Now some geologists are throwing that idea overboard in favour of a moving hot spot.
The idea is likely to be controversial. "People suspected that hot spots were moving," says geologist Robert Butler of the University of Arizona in Phoenix. "But the one they all wanted to hang onto was the biggest, baddest hot spot of them all - the Hawaiian hot spot."
The research was presented at the American Geophysical Union meeting in San Francisco.
Might this not be true for other fields of science, too?
Things that science thought to be inviolate such as evolution and anthropology.
Psychology has already proven to be widely mistaken in some of its "reference frame" facts,
and now geology has been added to that list.
you obviously enjoy having heaps of scorn dropped on you! let me help with your load.
the only true reference point is god. all others are relative and like the hot spots are here today and gone tomorrow. (but relative hot spots can help us get our bearings, as long as we do not place our faith in them.)
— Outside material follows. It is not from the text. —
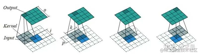 (1)padding指的是两边同时补零,所以补零后输入尺寸相当于变成了i+2p;

Ah ... but you are missing an important point:
Geology accepts the proven changes to its reference frame; Psychology, being merely opinion, does not.
But you'd be hard-pressed to find a college professor who still espouses Frued like in the old days when his theories were considered Gospel.
(Although in the case of Klinton, it still is all about the penis).
Oh, I wasn't conciously trying to bait the evolutionists here - I'm not one to change the subject of a thread.
Besides, I don't have the energy today to engage.
The changes in the magnetic field orientation could just as easily be explained by shift in the Magnetic North Pole. We know for a fact that there have been polarity shifts over geologic time and the current location of the Magnetic North Pole isn't even over the geologic North Pole.
Unless they can rule out these kinds of wobbles, I don't think I'm convinced.
I agree.
Far as I know, nothing in science, including evolution and anthropology, is inviolate. Science is not religion -- it changes constantly to fit the known facts, regardless of what some may say.
It was quite awhile ago that I last read anything about that in the press, but I'm not planning on buying any newly formed property there. It isn't expected to reach the surface of the ocean for another 50,000 years.
There is a fly in the ointment. Earth's magnetic field does not seem to be constant. In fact it changes from day to day.
Sure, it tells me not to jump to conclusions,
it tells me to be wary of jumping on a bandwagon,
and it tells me that perhaps the Nobel Prize committee, in large part, may have another agenda besides the ultimate truth.
(Example: Fofi Annan as Nobel Peace Prize winner).